* **Problem description**:
In the copy, keep every line below as it is and leave out the pictures.

* **Given data**:
--- START ---

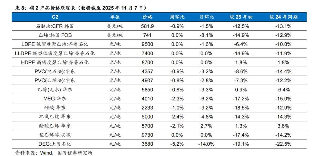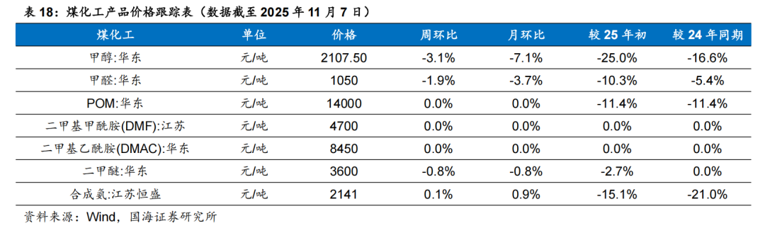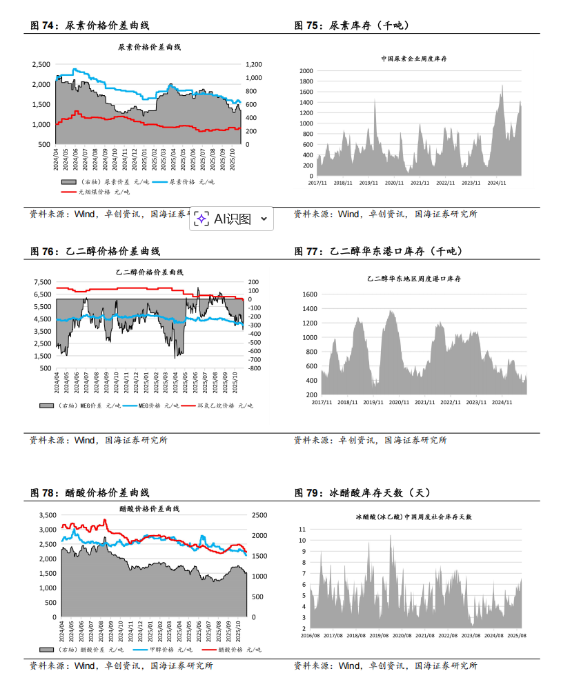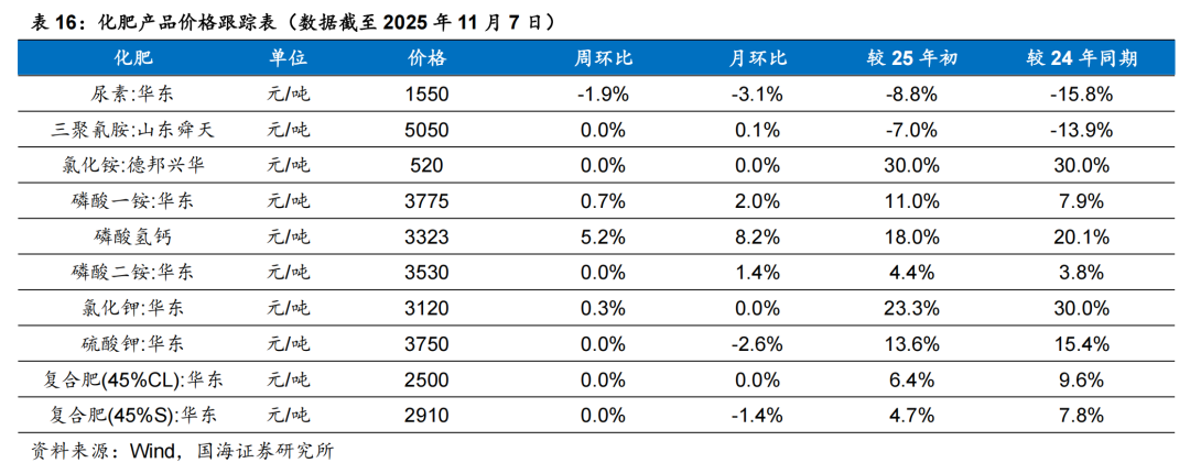据百川盈孚,2025年11月7日乙二醇价格为4053元/吨,环比10月31日下降86元/吨。据卓创资讯,2025年11月7日尿素小颗粒价格为1550元/吨,环比10月31日下降30元/吨。
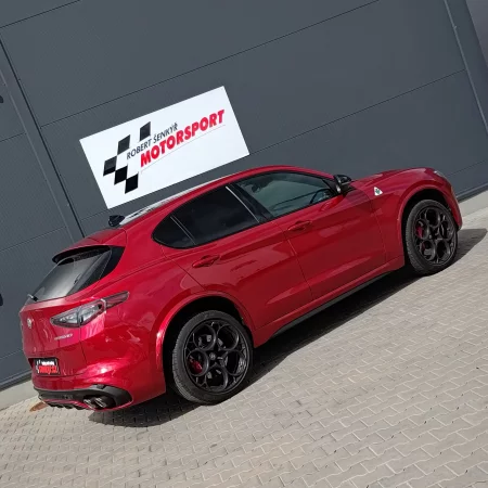 Koncový díl Slip-On si vybral majitel rudého Stelvia Quadrifoglio🍀, aby zlepšil zvuk tohoto vysoce výkonného SUV, k tomu napomáhají dvě klapky s pouzdry odlévanými z titanu a sofistikované X-křížení integrované do tlumiče. Excelentní koncovky kombinující titan a karbon dokreslují dokonalé zpracování celého výfuku.
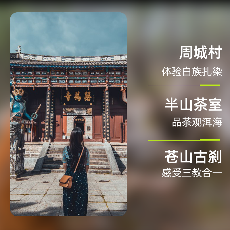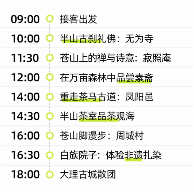 一日行程巧妙融合苍山自然奇观、白族非遗手作、古寺禅修、地道素斋四大核心体验,避免奔波于多个分散景点。这种高度集成的设计专为时间稀缺的差旅人士打造,用最短时间获取最丰富的文化与感官体验,实现‘高效度假’与‘深度旅行’的双重目标,让短暂假期价值最大化。

--- END ---

* **Solution to this problem**:
据百川盈孚,2025年11月7日乙二醇价格为4053元/吨,环比10月31日下降86元/吨。据卓创资讯,2025年11月7日尿素小颗粒价格为1550元/吨,环比10月31日下降30元/吨。
 Koncový díl Slip-On si vybral majitel rudého Stelvia Quadrifoglio🍀, aby zlepšil zvuk tohoto vysoce výkonného SUV, k tomu napomáhají dvě klapky s pouzdry odlévanými z titanu a sofistikované X-křížení integrované do tlumiče. Excelentní koncovky kombinující titan a karbon dokreslují dokonalé zpracování celého výfuku.
 一日行程巧妙融合苍山自然奇观、白族非遗手作、古寺禅修、地道素斋四大核心体验,避免奔波于多个分散景点。这种高度集成的设计专为时间稀缺的差旅人士打造,用最短时间获取最丰富的文化与感官体验,实现‘高效度假’与‘深度旅行’的双重目标,让短暂假期价值最大化。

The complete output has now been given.